The police and politicians do not expect peace in the end, and as they face the current possibility—of finding revolt on the doorsteps to city hall and the various courthouses of the city—they’ve come up with various strategies as an attempt to exercise some control over a potentially volatile and explosive situation. They’ve got the SLMPD working twelve hour shifts as of today, the Guard on call, and have designated Poelker Park as a ‘protest zone’.

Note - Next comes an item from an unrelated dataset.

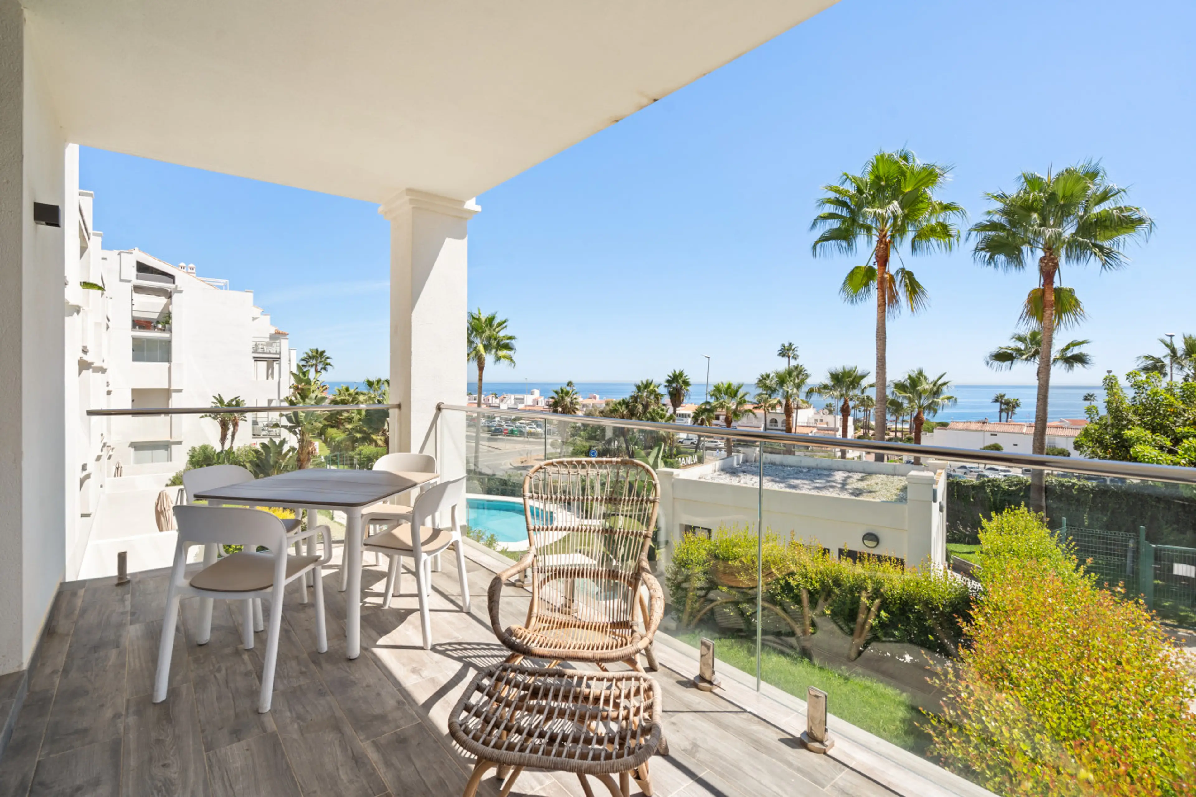 Located in Manilva, this spacious and bright 3 bedroom apartment fits up to 5 guests. Just a couple of minutes from the beach, with an ample exterior terrace and community pools to guarantee a nice and relaxing stay. FEATURES: - The apartment features 3 comfortable bedrooms equipped with air condi...

Those trying to exercise control won’t stop at the cops. If a not guilty verdict comes, tomorrow or whenever, there will be a myriad of people in the streets and more than a few will be trying to direct the flow of events. Our greatest strength is everyone learning how to think about this situation for themselves and help each other figure out how to talk about what we’re experiencing and act on ideas and beliefs as well as our emotions. Don’t become the police – refuse to wear the neon vests. Don’t police each other – let us all express ourselves.
Don’t respect the handful of people who are trying to take this away from all of us by becoming the police and by appointing themselves the leaders. Stop and think about whom you want to ally yourself with—you don’t have to ally yourself with leaders or those who you feel have no real affinity with just because they’re louder than you. When anybody tries to claim peace or nonviolence in the name of the Smith family-remember these words of Annie Smith,”I’m not at peace. I’m mad as hell”. Look for your accomplices and find them, they’ll be there waiting for you. Pay attention to the terrain we’re fighting on—look for things around you to use to protect yourself, build barricades, or take refuge behind if needed. Watch for cars-there have been drivers pushing through crowds multiple times in the last few months, including in Kirkwood last night at the Stockley demo. Try to keep an eye out for where the police are, where they’re moving to, and where you can go if you need to retreat or don’t feel safe. Watch each other’s backs—no one else will take care of ourselves but us.
Let’s keep our anger, our words, our rocks and our scopes aimed at the enemy, not each other. Don’t respect those trying to take over everything: if no one leads, we all lead.